Cleary v Cleary

JurisdictionIreland
JudgeMr Justice Max Barrett
Judgment Date20 July 2017
Neutral Citation[2017] IEHC 474
Docket Number2016 No. 241 CA
CourtHigh Court
Date20 July 2017
Between:
JOSEPH CLEARY
Plaintiff
– and –
MARY CLEARY
Defendant

[2017] IEHC 474

2016 No. 241 CA

THE HIGH COURT

Land & Conveyancing – Permissive occupation of property – Ejectment proceedings – Lack of defence – Judgment in default of defence – Want of jurisdiction – Appeal – S. 45 of the Civil Liability and Courts Act 2004S. 82 of the Civil Bill Courts (Ireland) Act 1851 – S. 67 of the Valuation Act 2001 – O. 5 of the Circuit Court Rules

Facts: The plaintiff/brother filed an appeal against the order of the Circuit Court for declining to grant judgment in default of defence against the defendant/sister in the ejectment proceedings on the ground that it did not have the jurisdiction to do so. The plaintiff argued that the High Court possessed the jurisdiction of the Circuit Court to make the order sought.

Mr. Justice Max Barrett allowed the appeal. The Court held that the plaintiff was entitled for the grant of judgment in default of the defence. The Court noted that the certification of rateable valuation obtained by the plaintiff under s. 67 of the Valuation Act 2001 had given the rateable valuation of the subject property, which placed the plaintiff's application within the jurisdictional limit of the Circuit Court.

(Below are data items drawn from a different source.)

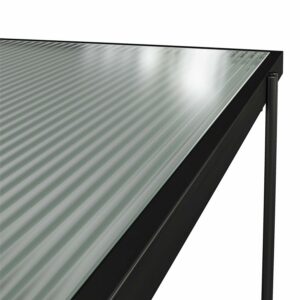 – Made of laminated particleboard, the black oak woodgrain finish pairs with the fluted glass top shelf and sturdy metal frame for a gorgeous statement piece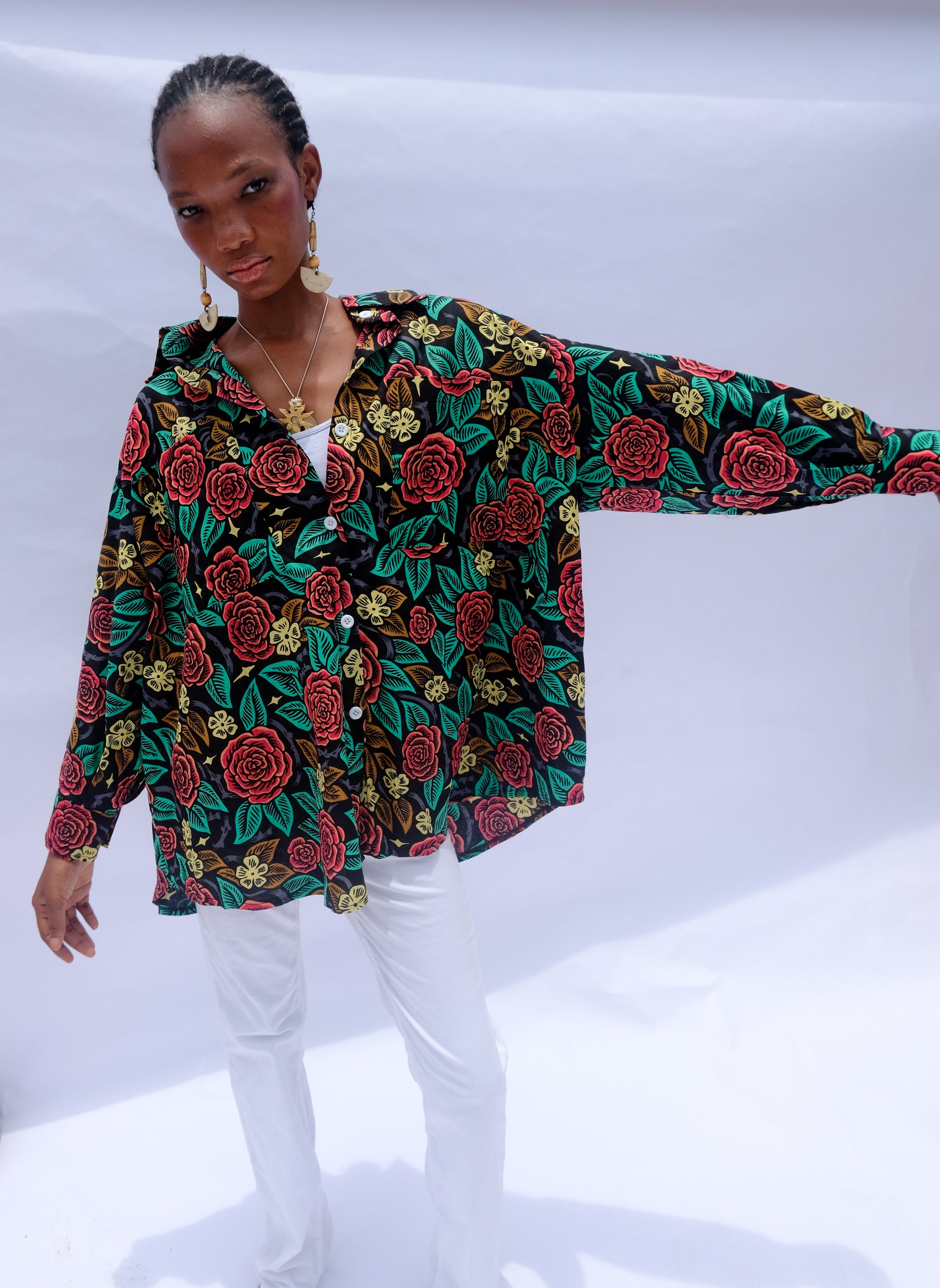 This oversized top is all about versatility and ease—wear it unbuttoned over a tee as a lightweight layer or buttoned up with jeans or tights to make a statement all on its own. The wide cuffs can be worn loose or rolled up, and the oversized chest pockets add function and flair. With all this extra fabric, you really get to showcase the richness of this stunning print.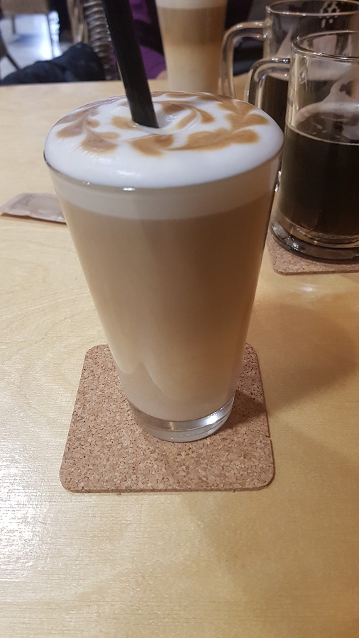 Keď som po dlhom zvažovaní či ísť do tejto kaviarne alebo nie, prišla k záveru, že konečne tu idem nevedela som kam sa mám ísť posadiť, kde sa pozerať prv. Veľmi ma zaujala táto kaviareň výzorovo. Na stenách môžete vidieť povešané staré bicykle, nájdete tu aj knihy, ktoré si môžete prečítať. Nápojový lístok ma tiež veľmi zaujal. Na každom stole som si ešte všimla, že sa nachádza týždenne obedové menu. Obsluha mi hneď s úsmevom doniesla nápojový lístok a ja som najprv nevedela, že čo si mám vybrať. Tak nakoniec som zvolila klasiku latte macciato a kofolu k tomu. Kávu som dostala veľmi rýchlo. Na pene bol nakreslený aj obrázok, čo málo kde robia. Pohár vody som ku káve nedostala. Káva bola veľmi horúca, nedala sa hneď piť. Ku káve som dostala len jeden cukor a nič viac – čo viacerým ľuďom nemusí vyhovovať.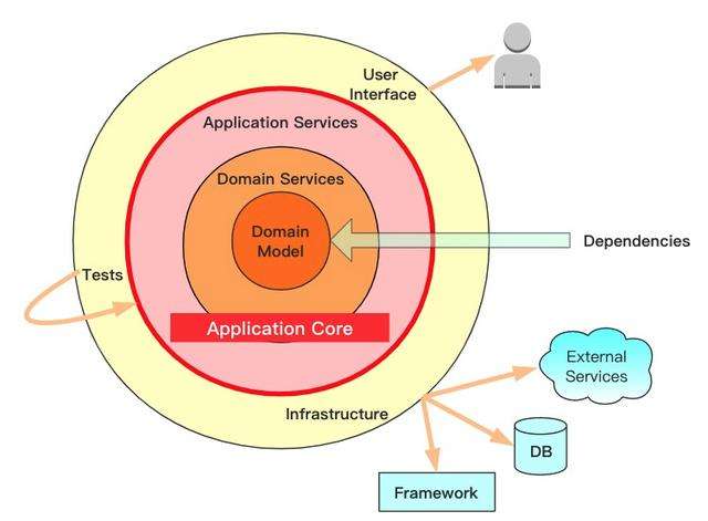 不同的是洋葱架构还告诉我们,企业应用中存在着不止两个层次,它在业务逻辑中加入了一些在领域驱动设计的过程中被识别出来的层次(Application,Domain Service,Domain model,Infrastructure等)。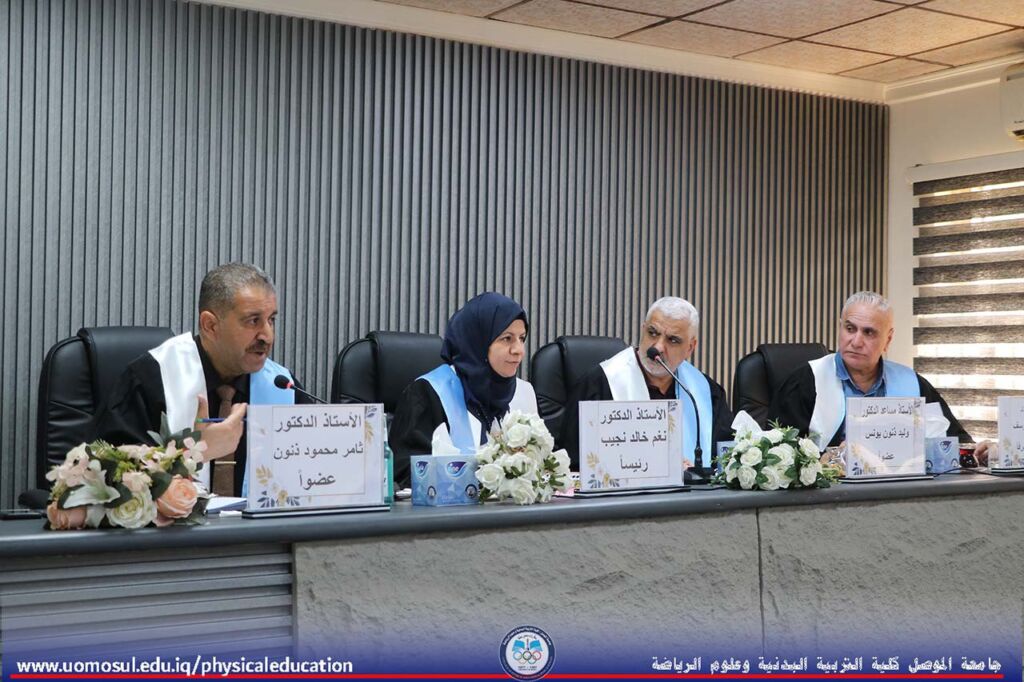 ناقشت كلية التربية البدنية وعلوم الرياضة بجامعة الموصل رسالة ماجستير عن أثر توظيف بيئة تعلم الكترونية قائمة على تكنولوجيا التعليم في الأداء الفني لبعض مهارات كرة القدم وتنمية الذكاء الحركي ، يوم الاحد المصادف 1/9 /2024،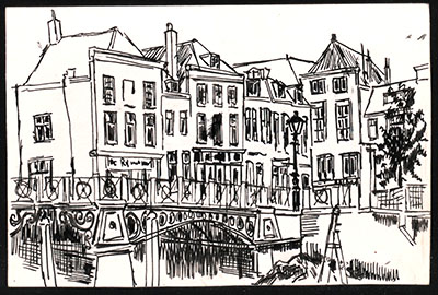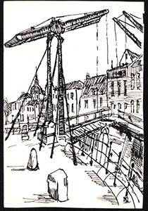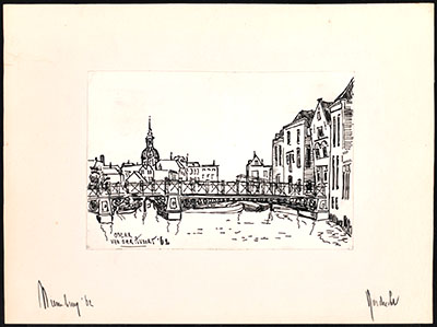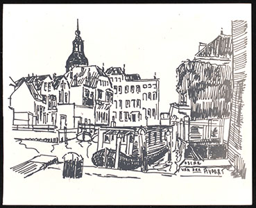 Tekening van de Nieuwbrug over de Wijnhaven richting …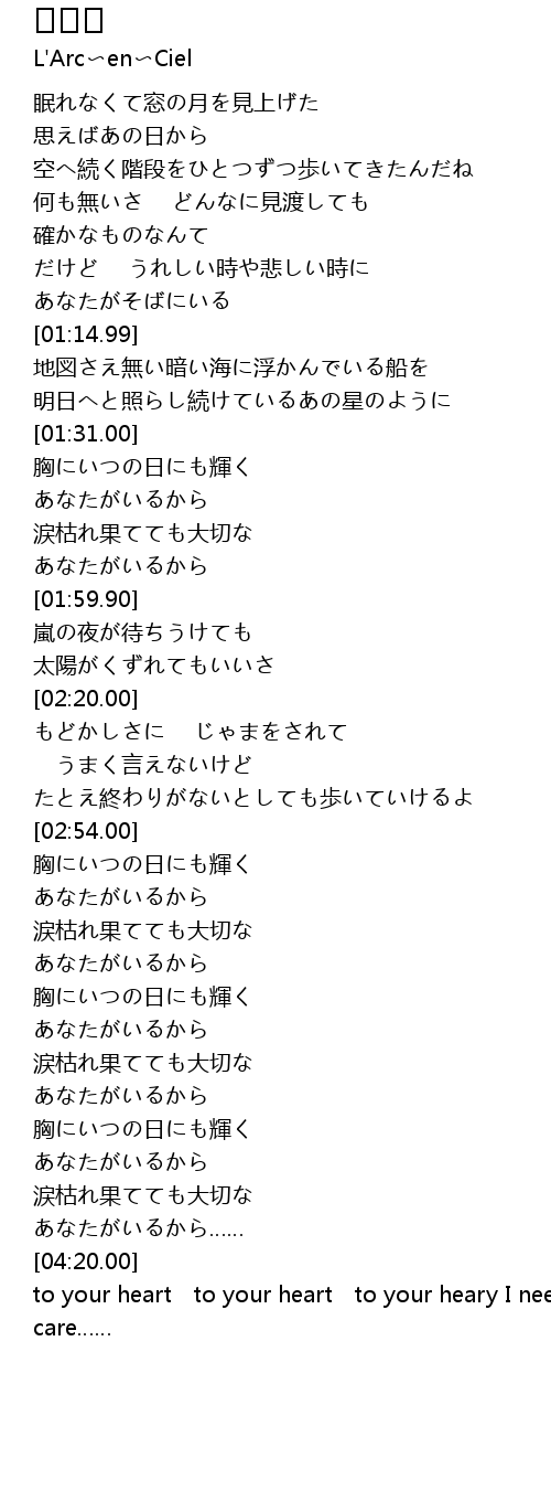 | [04:01.00] | 涙枯れ果てても大切な |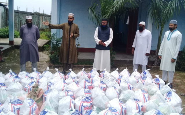 মঙ্গলবার সকালে আলহেরা আইডিয়াল একাডেমিতে সামাজিক দূরত্ব বজায় রেখে এক সংক্ষিপ্ত অনুষ্ঠানে এসব খাদ্যসামগ্রী বিতরণ করা হয়।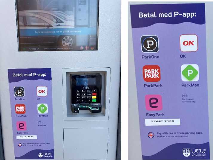 Betaling kan ske i en parkeringsautomat eller betalingsapp. Det fremgår af parkeringsautomater eller skiltning, hvilke parkeringsapps der kan anvendes til betaling.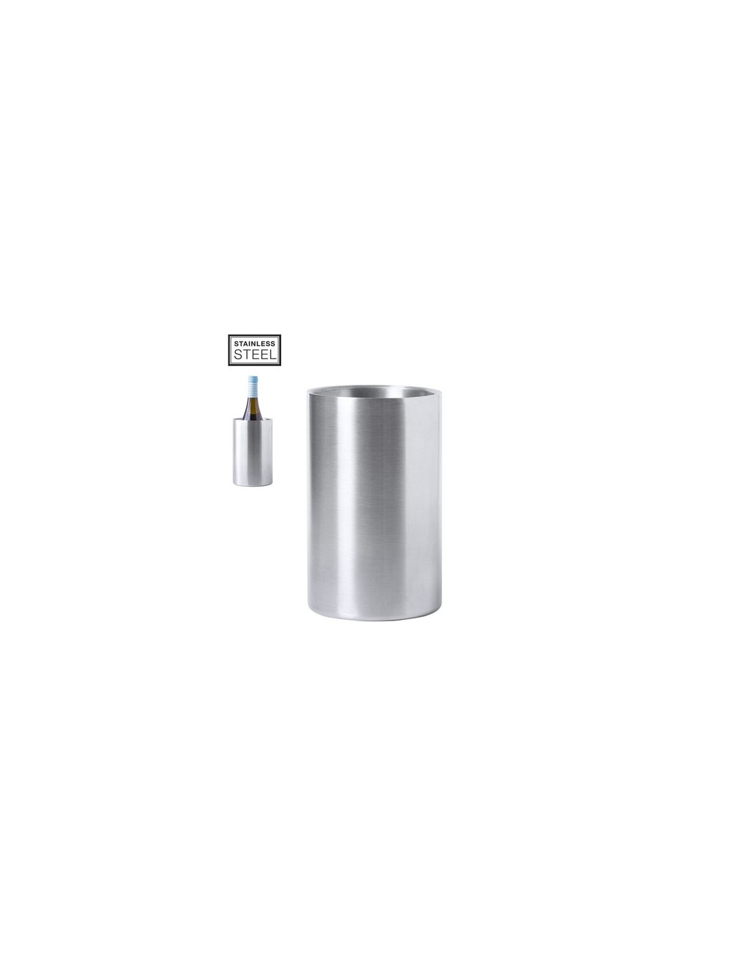 Enfriador, fabricado en acero inox de acabado mate para 1 botella. Presentado en atractiva caja de diseño. Composition : Acero Inox.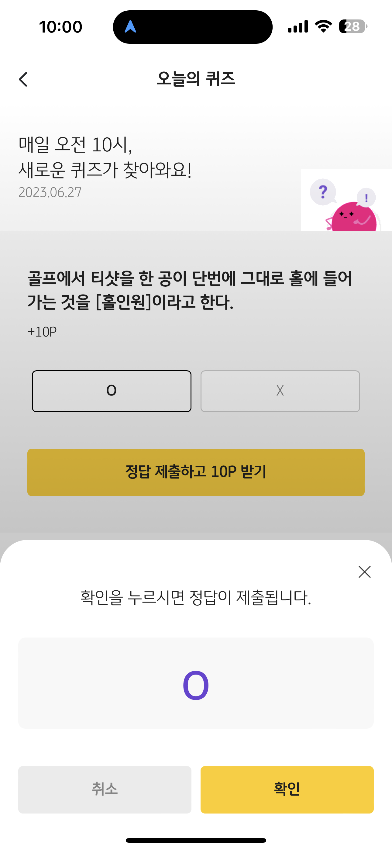 KB Pay 오늘의 퀴즈 정답은 O 입니다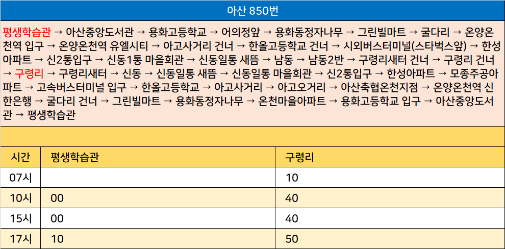 아산 850번: 평생학습관 → 아산중앙도서관 → 용화고등학교 → 어의정앞 → 용화동정자나무 → 그린빌마트 → 굴다리 → 온양온천역 입구 → 온양온천역 유엘시티 → 아고사거리 건너 → 한올고등학교 건너 → 시외버스터미널(스타벅스앞) → 한성아파트 → 신2통입구 → 신동1통 마을회관 → 신동일통 새뜸 → 남동 → 남동2반 → 구령리새터 건너 → 구령리 건너 → 구령리 → 구령리새터 → 신동 → 신동일통 새뜸 → 신동일통 마을회관 → 신2통입구 → 한성아파트 → 모종주공아파트 → 고속버스터미널 입구 → 한올고등학교 → 아고사거리 → 아고오거리 → 아산축협온천지점 → 온양온천역 신한은행 → 굴다리 건너 → 그린빌마트 → 용화동정자나무 → 온천마을아파트 → 용화고등학교 입구 → 아산중앙도서관 → 평생학습관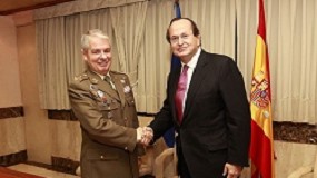 BAM con el Director General de Armamento y Material, Teniente General Juan Manuel García Montaño. Minutos después de la firma comenzó simultáneamente en Ferrol y Cádiz el corte de chapa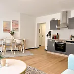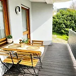 この寝室1室のアパートには設備の整った台所が備わります 55m²のJupas - Premium Apartments Trierは、フランクフルト・ハーン空港から70キロメートルほどの距離にあります。 この宿泊施設には、庭園の景色を望むテラスが備わります。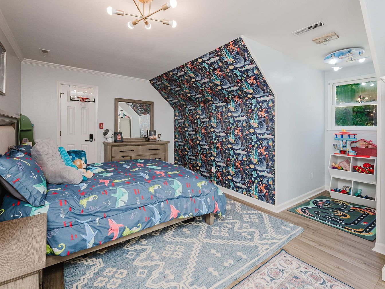 This charming kid’s bedroom features a whimsical ocean-themed design, accentuated by vibrant wallpaper adorned with marine life. The cozy bed is dressed in an engaging comforter, showcasing colorful sea creatures, which invites imagination and fun. A light wood dresser complements the space, paired with a stylish round mirror that enhances the room’s brightness. The soft area rug beneath adds warmth and comfort, perfect for play. Ample natural light streams in through the window, illuminating a corner nook designed for toys, promoting organization while keeping the area playful. Thoughtful architectural angles and cheerful decor create a nurturing, family-friendly atmosphere.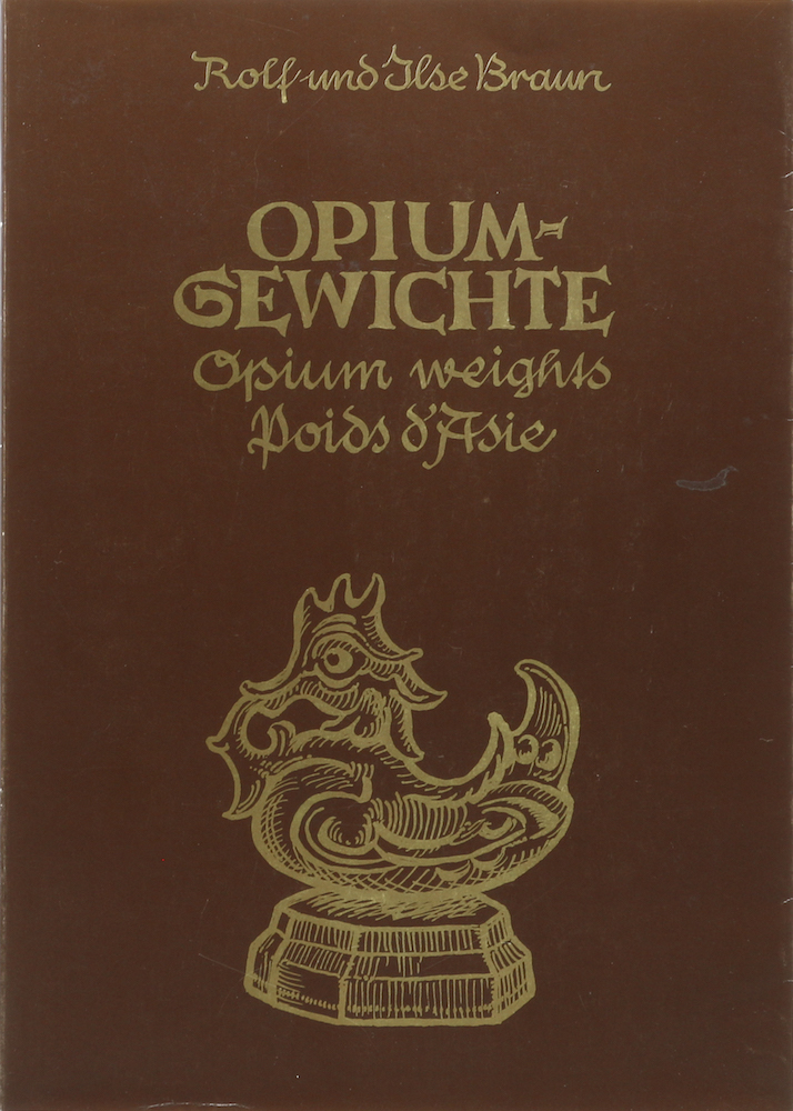 Braun, Rolf und Ilse. Opium-Gewichte. Opium weights. Poinds d’Asie. Landau, Selbstverlag, 1983. Mit 1 Karte, 1 Titelillustr., ca. 643 (5 mehrtlg.) Abb. u. 98 Illustr. 240 S. 4°. Engl. OBrosch., der Umschlag etwas angerändert, berieben u. geknickt, der vordere Deckel u. die ersten Blatt im oberen Rand ganz unwesentlich geknickt, sonst gutes Exemplar. (960 Gr.) Mit handschriftlicher Widmung der Autoren.

The Court held that the ejectment proceedings were properly instituted in the required form and all the details were set out clearly, which showed that the Circuit Court was possessed of the jurisdiction. The Court found that under s. 45 of the Civil Liability and Courts Act 2004, the Circuit Court possessed the jurisdiction as the rateable property of the subject property was less than €3m.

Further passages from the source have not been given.